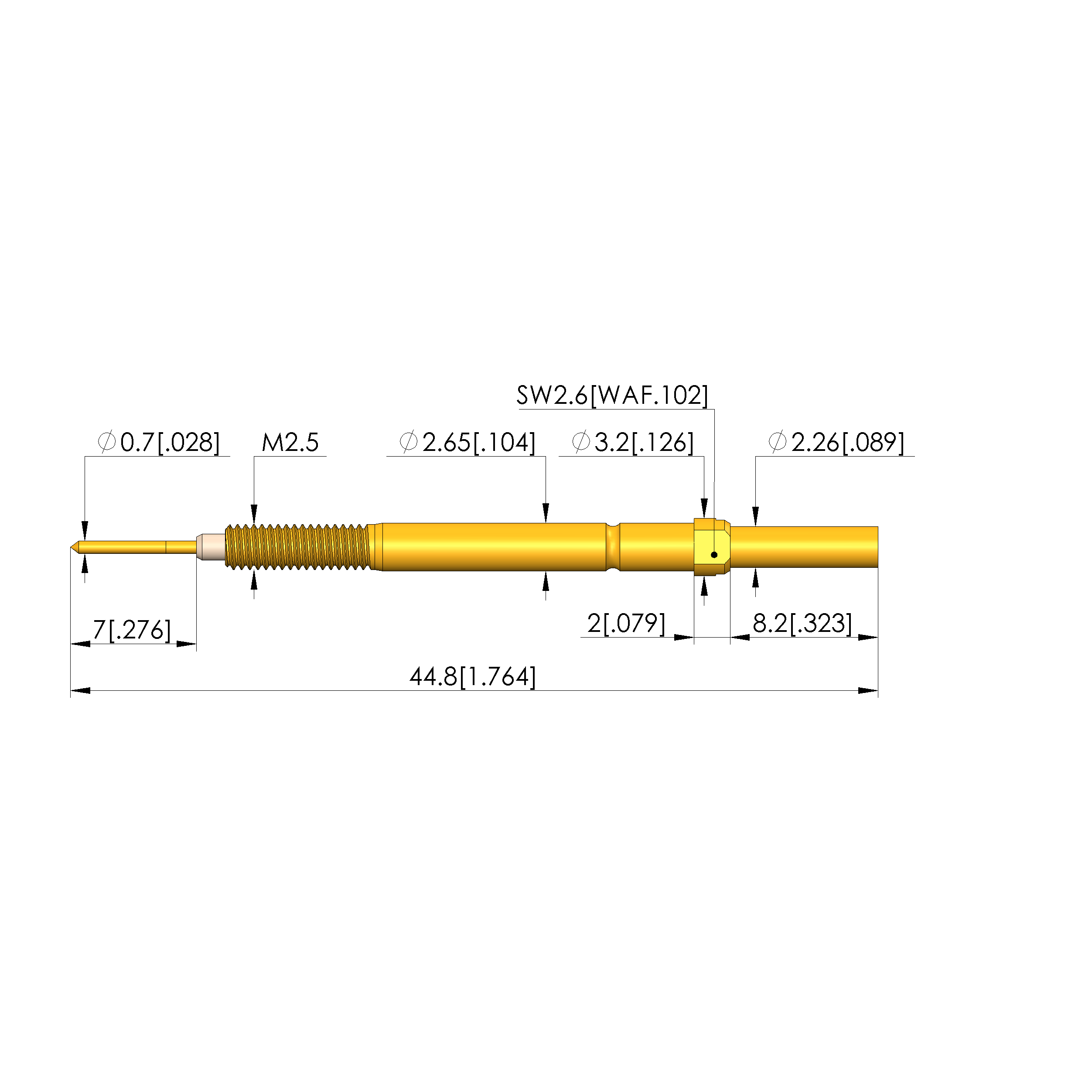 - Diametro del manicotto di contatto: 2,65 mm
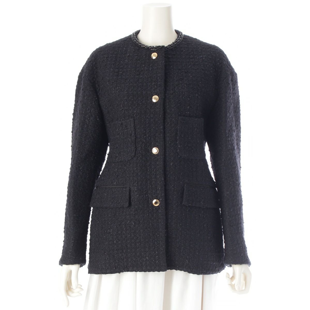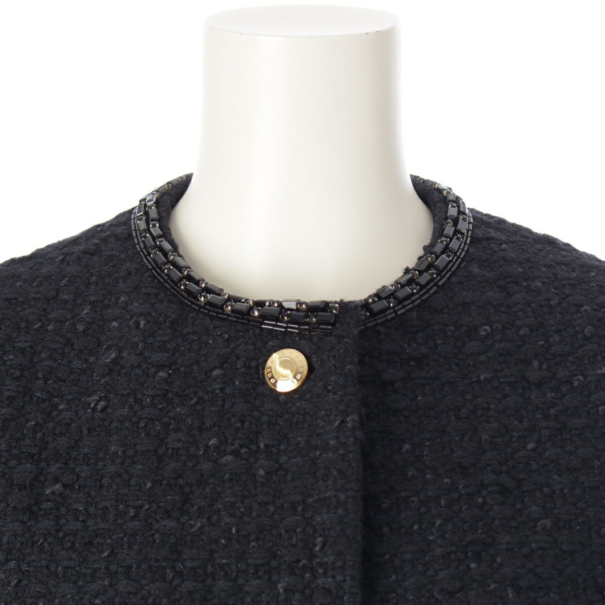 ドゥロワー 23年 ウール シルク コットン ビジュー ノーカラー ツイード テーラードジャケット 6522-299-0775 ブラック 36
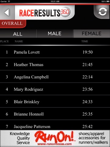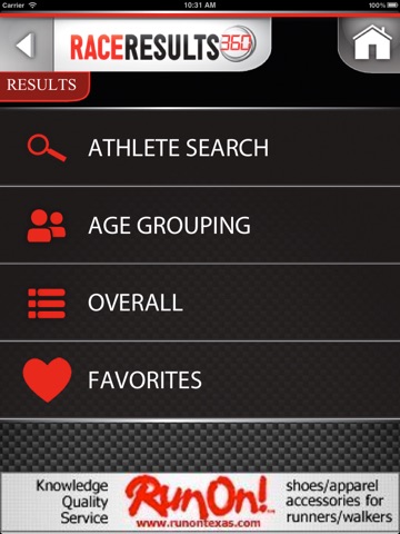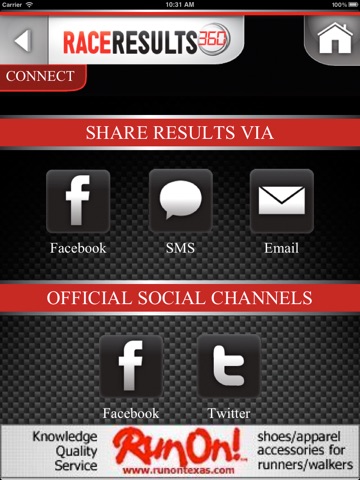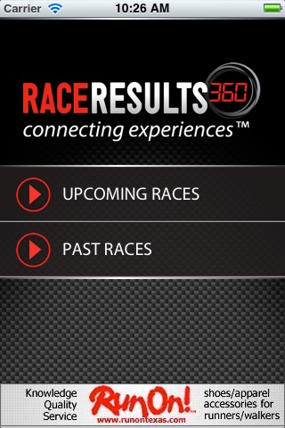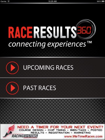 User can view upcoming races and race results powered by the RR:360 results engine™. View and track athlete results, race information, connect with Facebook/Twitter and much more.
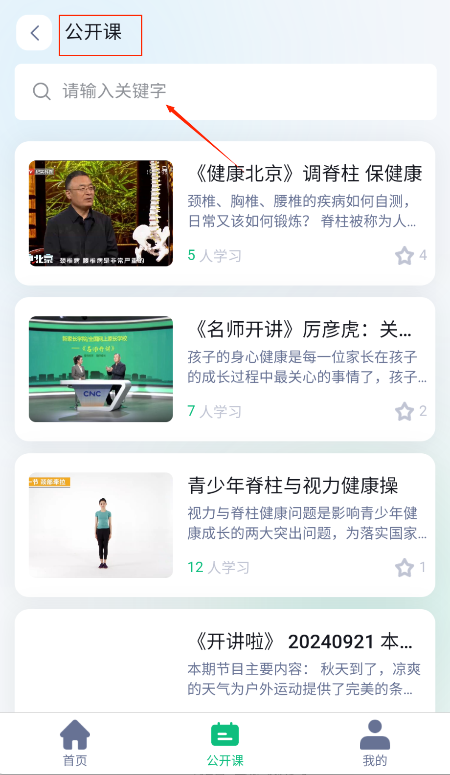 3、进入健康课程板块选择公开课学习,课程涵盖体态矫正、脊柱养护等内容,支持离线下载反复观看,结合图文讲解掌握科学健康知识。
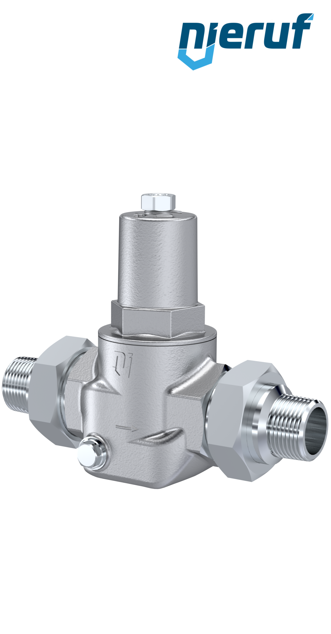 Druckminderer 1/2" Zoll mit Außengewinde ISO 7 / BSP-T aus Edelstahl Dichtung FPM / FKM für flüssige & neutrale gasförmige Medien, Einstelldruck 1,5 - 6,0 bar
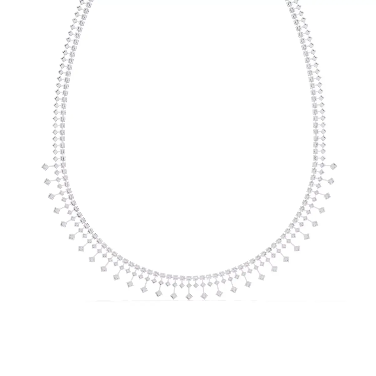 Design DetailsThe necklace features a continuous diamond drop pattern along the lower edge.Drop elements are evenly spaced to ensure symmetry and visual harmony.Each stone setting is accurately aligned for secure holding and clean finishing.The necklace structure is balanced for comfortable wear and smooth movement.Clean geometry supports reliable casting, polishing, and stone setting.The CAD construction is optimized for professional jewellery manufacturing workflows.
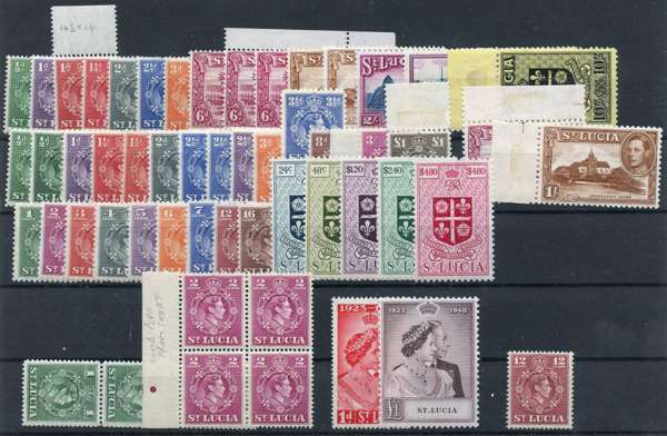 1938-48 set with all perfs and shades per SG and CW, and 1949-50 set plus 1c perf 14 coil strip of three, 2c perf 14 marginal block of four (ex sheet issue, scarce) and 12c perf 14½ x 14. All fresh unmounted o.g.; also Wedding pair unmounted o.g. SG 128-141, 144-59, £1050
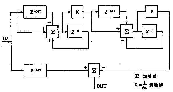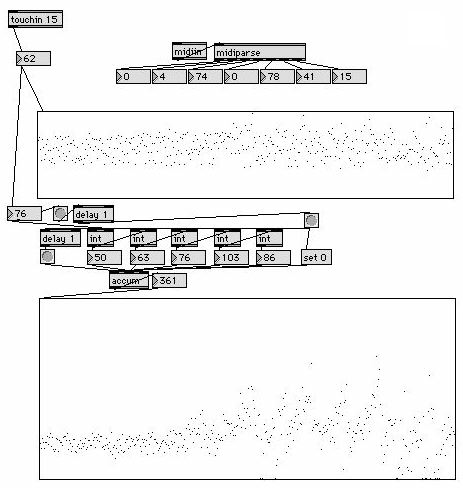 図10 MiniBioMuse-IIの出力の一例 図10は、"MiniBioMuse-II"からのMIDI情報を実際の音楽において利用するためのMaxパッチによる処理の一例である。上段のグラフはセンサからの直接の情報をそのままプロットしたものであり、下段ではこれを移動平均する処理により、右側で筋肉が緊張状態になった波動が明確に得られているのが分かる。 図図11 MiniBioMuse-IIを用いた演奏風景 図11は、筆者の作品"Bio-Cosmic Storm"の京都での公演(1998年)の風景である。ステージ上のピアニストは両腕に"MiniBioMuse-II"のセンサを取り付け、そこから直接出力される筋電ノイズを音源としてSuperColliderでリアルタイム音響信号処理するシステムをコントロールするMaxのためのMIDI情報も同時に演奏出力した。ピアニストはステージ上のピアノの鍵盤に触れてはいけない、という指示のもと、鍵盤上空5cmでピアノ曲をシャドー演奏したりピアノそのものを押したりして、その筋電情報によりリアルタイムCGとともに楽音を生成した。 4. " MiniBioMuse-III "の開発前作"MiniBioMuse-II"からその後の進展は1年以上、停滞した。その理由は、図9にある改良された筋電センサ・フロントエンド回路によっても完全にはハムが取れないこと、そしてかなりの小型化によって作品公演まで実現したことで、それ以上の大きな性能向上の具体的な目標が見えなかったことによる。それが2000年から 2001年にかけて急速に進展し、最終的に新しい"MiniBioMuse-III"として一気に結実した。以下、その過程と概要について紹介する。4-1. 独立成分分析による多チャンネル計測BioMuseのように腕に単一ないし2つの電極を用いるのでなく、腕をぐるりと巻くように多数の電極を用いて同時計測し、複数の筋肉の作用をパターン認識の一手法である独立成分分析により検出する、という藤原の研究(30)と交流・情報交換する機会を得た。Atau Tanakaは電極の位置について独自のトレーニングにより(非対称な)適正設置場所を獲得したが、この研究によれば、ベルト状の複数電極により情報検出とパターン認識の汎用性が得られる可能性があった。4-2. ソフトウェアDSPによるノッチフィルタステージなど劣悪なノイズ環境で筋電センサを使用する上でもっとも問題となるハムノイズの除去手法として、古くから知られたノッチフィルタをA/Dセンシングのマイクロプロセッサのソフトウェアで実現する、という可能性を実験する段階が到来した。具体的には、文献(31)にある図12のようなアルゴリズムを、AKI-H8のCPUプログラムとして実装する実験を行った。図12 ノッチフィルタのアルゴリズム例 後述する"MiniBioMuse-III"の開発の過程で図12のアルゴリズムをAKI-H8に実装した結果、図13のような特性で50Hz/60Hzのハム成分をカットする筈であったフィルタ出力は、実際には目に見える(耳に聞こえる)違いを見出せないという結果であった。その理由は、(1) AKI-H8のアナログ入力A/Dを8ビット精度モードとして動作させた、(2) AKI-H8の内蔵RAMの容量からくる制限により、ディジタルフィルタのビット幅として16ビット精度の確保が困難なため8ビット幅とした、という点にある。これにより、ビットシフト演算によって計算途中のデータが丸められて実質的には消滅してしまった。そこで折衷案として、8ビット幅の処理でも有効となる図12のアルゴリズムの一部をAKI-H8のソフトウェアとして実装して、何もない状態よりは有意に有効なソフトウェア・フィルタリング(一種の積分型フィルタ)を実現することができた。 図13 ノッチフィルタ(上段:入力 / 下段:出力)

• _Task prompt_
Everything from the first line of the entries above through the line with "3、进入健康课程板块选择公开" should be duplicated exactly, except the pictures.

• _Reply to the task_
 - Diametro del manicotto di contatto: 2,65 mm
 ドゥロワー 23年 ウール シルク コットン ビジュー ノーカラー ツイード テーラードジャケット 6522-299-0775 ブラック 36
 User can view upcoming races and race results powered by the RR:360 results engine™. View and track athlete results, race information, connect with Facebook/Twitter and much more.
 3、进入健康课程板块选择公开课学习,课程涵盖体态矫正、脊柱养护等内容,支持离线下载反复观看,结合图文讲解掌握科学健康知识。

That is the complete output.